= WHAT IS EXPECTED =
Leaving out every picture, output the records below exactly as they are.

═══ RECORD SET

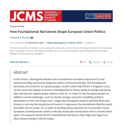 Im Zuge des russischen Angriffs auf die Ukraine müsse man einen kritischeren Blick auf die Gründungsnarrative der EU werfen, so Catherine De Vries. Denn der Krieg stelle diese infrage: Nicht nur sei die Hoffnung auf ein friedliches Nachkriegseuropa erschüttert worden. Auch die Vorstellung, die europäisch-russischen Wirtschaftsverflechtungen und ein Netz diplomatischer Abkommen würden militärische Wege der Konfliktaustragung verunmöglichen, habe sich nicht bewahrheitet. Schließlich sei zudem unklar, ob die Krise in der Ukraine auch zu neuen Fortschritten bei der europäischen Integration beitrage oder nicht gar
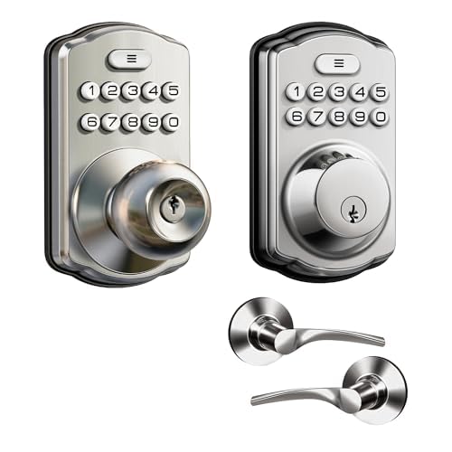 Veise Keypad Door Lock with 2 Lever Handles and Veise Keypad Door Knob Lock - Satin Nickel
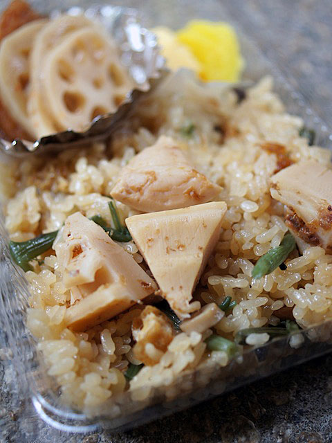 ペラペラのプラスティックの箱に入った炊き込みご飯。
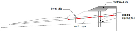 According to the previous section, for this slope, the effect of removing the fill is very limited. If it is necessary to further improve the stability of the slope and ensure the smooth construction of embankment filling, targeted reinforcement measures should still be taken for the weak layer.
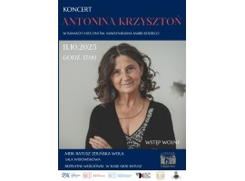 Antonina Krzysztoń polska pieśniarka, kompozytorka, autorka tekstów wystąpi w Miejskim Domu Kultury Ratusz. Koncert odbędzie się w ramach XXIX Dni Św. Maksymiliana Marii Kolbego.
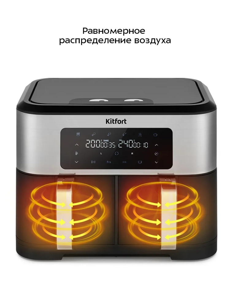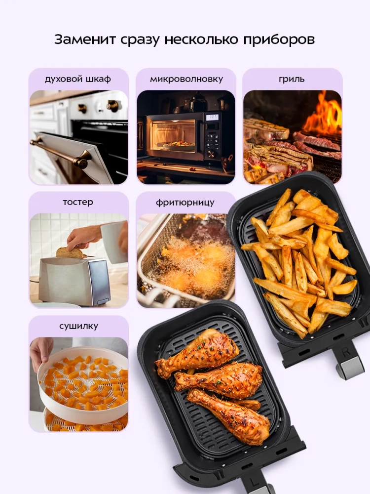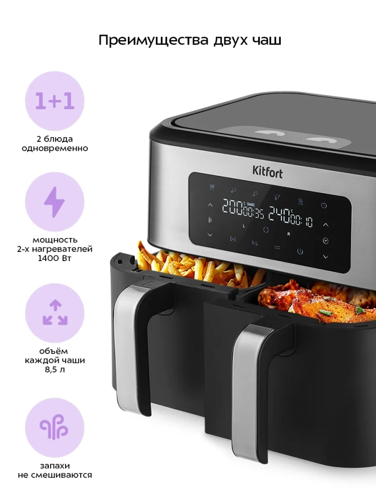 Главное преимущество данного аэрогриля заключается в том, что у него имеется два нагревателя (левый и правый) и два поддона. Благодаря двум поддонам вы можете готовить 2 разных блюда одновременно, установив при этом для каждого свои настройки температуры и таймера. Таким образом, вы можете приготовить основное блюдо и гарнир к одному времени и подать к столу горячими.
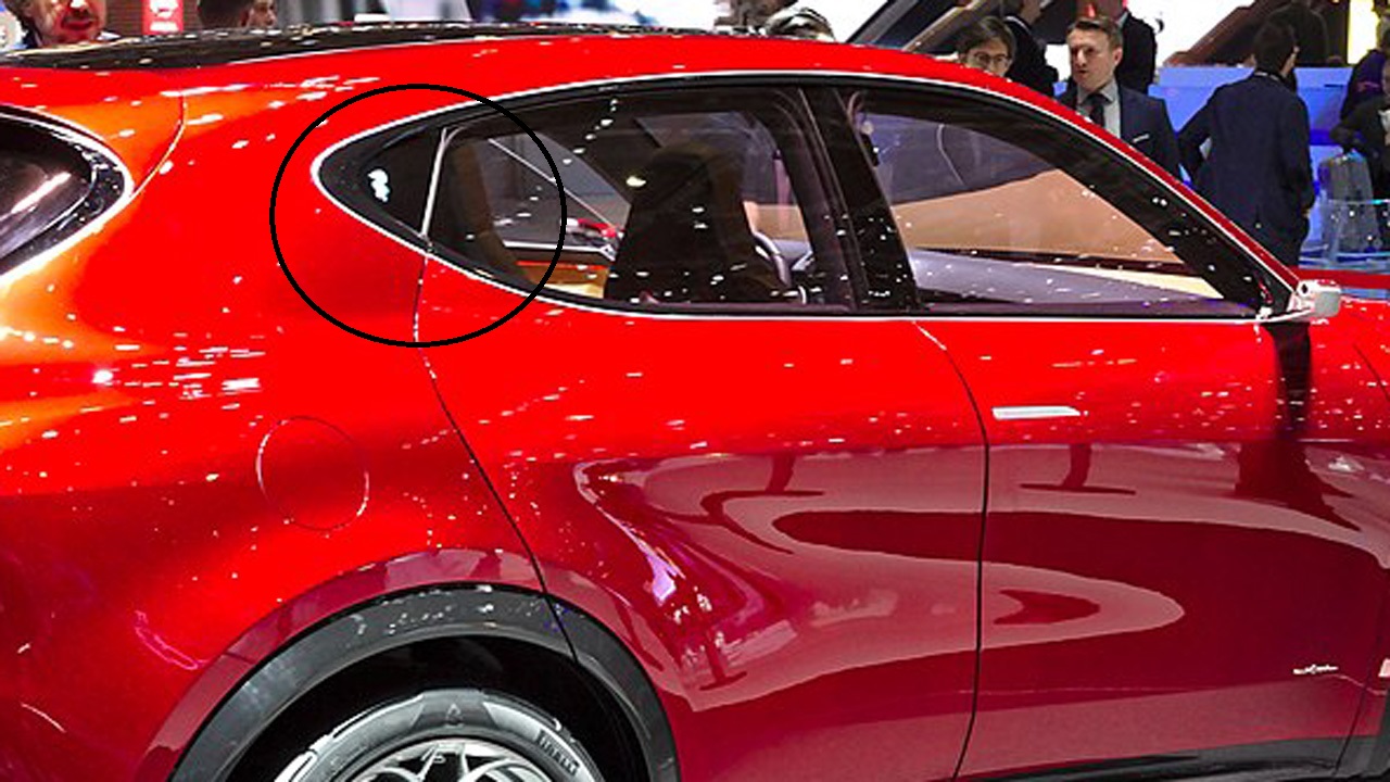 Πράγματι, στη διάρκεια της δοκιμής (την οποία θα διαβάσετε σε μερικές ημέρες), διαπίστωσα τον ιδιαίτερο σχεδιασμό στις πίσω πόρτες, οι οποίες ανοίγουν μαζί με ολόκληρο το πλαίσιο των παραθύρων. Κάτι τέτοιο δεν ίσχυε στο πρωτότυπο αυτοκίνητο (το κόκκινο στις εικόνες). Για ποιον λόγο, λοιπόν, έγινε η αλλαγή στο σημείο που είναι κυκλωμένο στις φωτογραφίες που ακολουθούν;
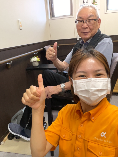 2025年10月10日(金) 楽しそう‼ こんちにはブログをご覧いただきありがとうございます アルファリビング吹田千里丘は今日も笑顔があふれています 入居者様とスタッフのピースとgoodの ポーズです ご見学の皆様吹田千里丘チームは笑顔でお迎えいたします♡♡
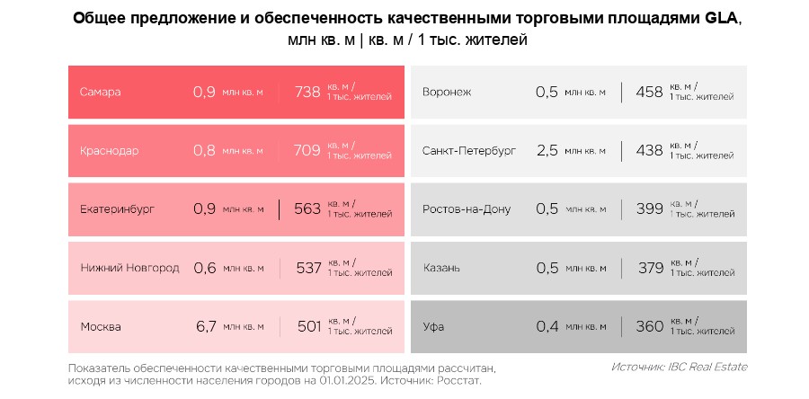 Уровень обеспеченности качественной торговой недвижимостью по России составляет 182 кв. метра на одну тысячу жителей. В зависимости от города, показатель варьируется и может достигать 738 кв. метров. Лидер – Самара, где показатель в 4 раза выше, чем в целом по стране. Москва находится на пятом месте (501 кв. метр) Петербург – на седьмом (438 кв. метров).

══════

= WORKED SOLUTION =
 Im Zuge des russischen Angriffs auf die Ukraine müsse man einen kritischeren Blick auf die Gründungsnarrative der EU werfen, so Catherine De Vries. Denn der Krieg stelle diese infrage: Nicht nur sei die Hoffnung auf ein friedliches Nachkriegseuropa erschüttert worden. Auch die Vorstellung, die europäisch-russischen Wirtschaftsverflechtungen und ein Netz diplomatischer Abkommen würden militärische Wege der Konfliktaustragung verunmöglichen, habe sich nicht bewahrheitet. Schließlich sei zudem unklar, ob die Krise in der Ukraine auch zu neuen Fortschritten bei der europäischen Integration beitrage oder nicht gar
 Veise Keypad Door Lock with 2 Lever Handles and Veise Keypad Door Knob Lock - Satin Nickel
 ペラペラのプラスティックの箱に入った炊き込みご飯。
 According to the previous section, for this slope, the effect of removing the fill is very limited. If it is necessary to further improve the stability of the slope and ensure the smooth construction of embankment filling, targeted reinforcement measures should still be taken for the weak layer.
 Antonina Krzysztoń polska pieśniarka, kompozytorka, autorka tekstów wystąpi w Miejskim Domu Kultury Ratusz. Koncert odbędzie się w ramach XXIX Dni Św. Maksymiliana Marii Kolbego.
 Главное преимущество данного аэрогриля заключается в том, что у него имеется два нагревателя (левый и правый) и два поддона. Благодаря двум поддонам вы можете готовить 2 разных блюда одновременно, установив при этом для каждого свои настройки температуры и таймера. Таким образом, вы можете приготовить основное блюдо и гарнир к одному времени и подать к столу горячими.
 Πράγματι, στη διάρκεια της δοκιμής (την οποία θα διαβάσετε σε μερικές ημέρες), διαπίστωσα τον ιδιαίτερο σχεδιασμό στις πίσω πόρτες, οι οποίες ανοίγουν μαζί με ολόκληρο το πλαίσιο των παραθύρων. Κάτι τέτοιο δεν ίσχυε στο πρωτότυπο αυτοκίνητο (το κόκκινο στις εικόνες). Για ποιον λόγο, λοιπόν, έγινε η αλλαγή στο σημείο που είναι κυκλωμένο στις φωτογραφίες που ακολουθούν;
 2025年10月10日(金) 楽しそう‼ こんちにはブログをご覧いただきありがとうございます アルファリビング吹田千里丘は今日も笑顔があふれています 入居者様とスタッフのピースとgoodの ポーズです ご見学の皆様吹田千里丘チームは笑顔でお迎えいたします♡♡
 Уровень обеспеченности качественной торговой недвижимостью по России составляет 182 кв. метра на одну тысячу жителей. В зависимости от города, показатель варьируется и может достигать 738 кв. метров. Лидер – Самара, где показатель в 4 раза выше, чем в целом по стране. Москва находится на пятом месте (501 кв. метр) Петербург – на седьмом (438 кв. метров).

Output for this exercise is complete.